Records supplied:
----

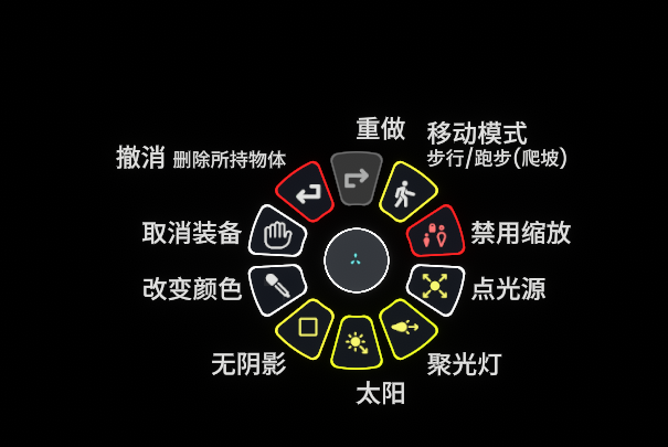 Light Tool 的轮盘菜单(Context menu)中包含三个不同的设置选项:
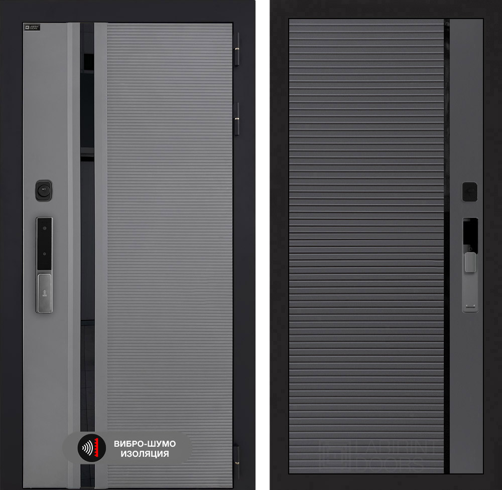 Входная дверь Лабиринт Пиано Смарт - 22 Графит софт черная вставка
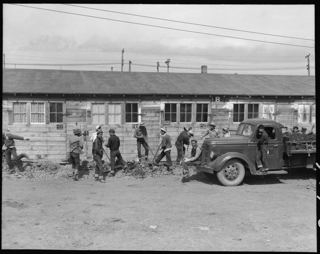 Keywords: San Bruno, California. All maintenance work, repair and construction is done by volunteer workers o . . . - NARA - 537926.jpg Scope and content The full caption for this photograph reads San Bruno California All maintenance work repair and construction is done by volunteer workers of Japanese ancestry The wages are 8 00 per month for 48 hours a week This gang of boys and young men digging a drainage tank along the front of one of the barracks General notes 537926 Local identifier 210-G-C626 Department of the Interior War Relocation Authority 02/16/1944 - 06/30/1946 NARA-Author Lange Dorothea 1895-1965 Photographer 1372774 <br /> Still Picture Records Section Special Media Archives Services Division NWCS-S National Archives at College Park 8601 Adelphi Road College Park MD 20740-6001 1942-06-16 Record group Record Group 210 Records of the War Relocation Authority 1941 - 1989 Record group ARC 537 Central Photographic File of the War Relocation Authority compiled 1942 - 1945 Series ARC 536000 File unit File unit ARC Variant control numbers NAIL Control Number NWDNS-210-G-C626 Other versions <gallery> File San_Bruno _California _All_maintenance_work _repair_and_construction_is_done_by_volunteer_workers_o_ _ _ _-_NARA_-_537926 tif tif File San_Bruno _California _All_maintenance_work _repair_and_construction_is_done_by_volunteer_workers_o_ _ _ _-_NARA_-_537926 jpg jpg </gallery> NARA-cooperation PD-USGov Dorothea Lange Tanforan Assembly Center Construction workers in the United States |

----

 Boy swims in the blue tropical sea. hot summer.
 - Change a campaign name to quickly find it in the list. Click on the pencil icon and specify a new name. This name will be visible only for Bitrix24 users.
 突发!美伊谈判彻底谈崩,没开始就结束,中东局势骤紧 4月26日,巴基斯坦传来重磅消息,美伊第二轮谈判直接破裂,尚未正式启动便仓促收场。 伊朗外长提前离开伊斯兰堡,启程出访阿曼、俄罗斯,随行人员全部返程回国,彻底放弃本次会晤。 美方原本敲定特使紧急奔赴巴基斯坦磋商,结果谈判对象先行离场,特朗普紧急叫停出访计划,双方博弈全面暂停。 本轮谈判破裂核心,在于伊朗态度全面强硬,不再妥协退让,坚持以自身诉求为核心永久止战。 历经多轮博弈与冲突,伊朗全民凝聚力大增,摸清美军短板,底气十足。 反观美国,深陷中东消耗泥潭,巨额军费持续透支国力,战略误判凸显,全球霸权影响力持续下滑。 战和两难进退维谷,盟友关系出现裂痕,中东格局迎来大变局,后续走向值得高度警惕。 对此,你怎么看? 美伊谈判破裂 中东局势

----

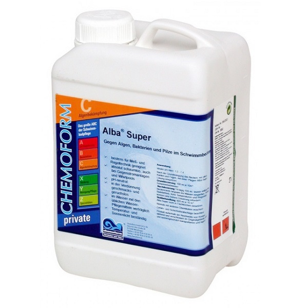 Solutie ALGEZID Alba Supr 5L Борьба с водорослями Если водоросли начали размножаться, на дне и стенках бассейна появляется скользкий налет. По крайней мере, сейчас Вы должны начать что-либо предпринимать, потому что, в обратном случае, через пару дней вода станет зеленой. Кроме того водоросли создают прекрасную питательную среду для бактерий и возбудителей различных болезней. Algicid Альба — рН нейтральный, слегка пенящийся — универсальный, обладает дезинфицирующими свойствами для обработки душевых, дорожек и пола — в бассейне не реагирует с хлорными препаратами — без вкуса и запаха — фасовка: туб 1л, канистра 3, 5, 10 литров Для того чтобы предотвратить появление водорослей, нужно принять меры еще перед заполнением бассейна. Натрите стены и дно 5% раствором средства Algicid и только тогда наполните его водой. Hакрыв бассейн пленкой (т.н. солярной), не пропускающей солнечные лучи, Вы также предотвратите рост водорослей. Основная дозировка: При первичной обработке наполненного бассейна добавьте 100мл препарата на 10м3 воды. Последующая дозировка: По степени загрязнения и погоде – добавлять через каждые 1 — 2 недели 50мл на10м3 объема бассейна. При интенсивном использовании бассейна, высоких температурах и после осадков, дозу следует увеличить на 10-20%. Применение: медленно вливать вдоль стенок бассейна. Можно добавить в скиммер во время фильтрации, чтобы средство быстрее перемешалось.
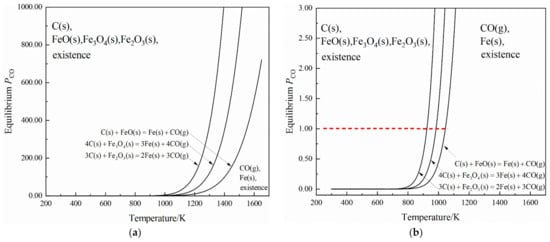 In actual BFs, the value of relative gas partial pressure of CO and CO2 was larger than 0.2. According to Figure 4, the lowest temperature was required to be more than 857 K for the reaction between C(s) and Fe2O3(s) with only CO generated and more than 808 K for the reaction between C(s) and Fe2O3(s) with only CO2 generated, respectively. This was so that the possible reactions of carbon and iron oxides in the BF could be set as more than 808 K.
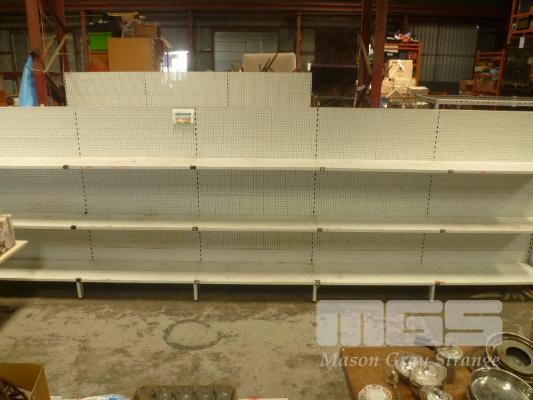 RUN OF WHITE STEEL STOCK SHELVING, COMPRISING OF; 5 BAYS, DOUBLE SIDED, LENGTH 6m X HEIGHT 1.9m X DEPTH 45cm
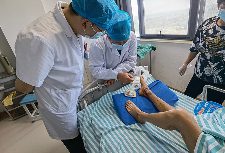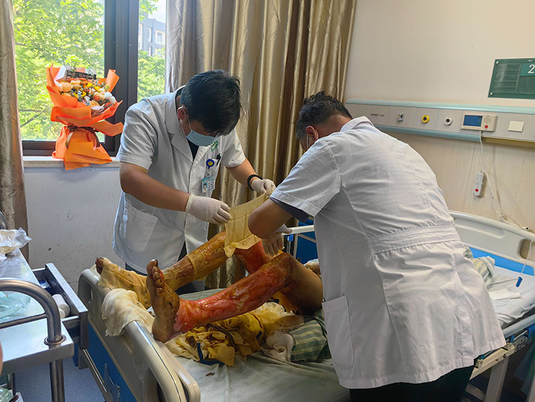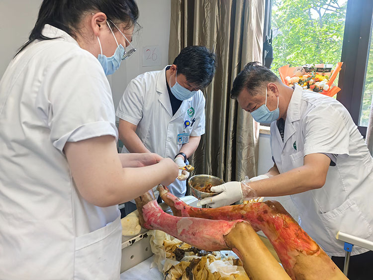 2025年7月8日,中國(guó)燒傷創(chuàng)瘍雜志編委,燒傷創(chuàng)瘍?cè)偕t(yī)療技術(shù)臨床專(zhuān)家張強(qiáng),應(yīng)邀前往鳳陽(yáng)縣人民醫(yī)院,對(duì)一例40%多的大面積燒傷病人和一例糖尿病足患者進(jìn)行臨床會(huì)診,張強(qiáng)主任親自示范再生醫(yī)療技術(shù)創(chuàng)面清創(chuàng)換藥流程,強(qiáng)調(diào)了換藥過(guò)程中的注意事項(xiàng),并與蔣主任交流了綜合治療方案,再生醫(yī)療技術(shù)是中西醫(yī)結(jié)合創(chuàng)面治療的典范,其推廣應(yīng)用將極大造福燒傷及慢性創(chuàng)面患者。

----

What the task asks: Skipping every picture, transcribe exactly the lines above from the one containing "Light Tool 的轮盘菜单(Context" through the one containing "Входная дверь Лабиринт", both included.

Exercise solution:
 Light Tool 的轮盘菜单(Context menu)中包含三个不同的设置选项:
 Входная дверь Лабиринт Пиано Смарт - 22 Графит софт черная вставка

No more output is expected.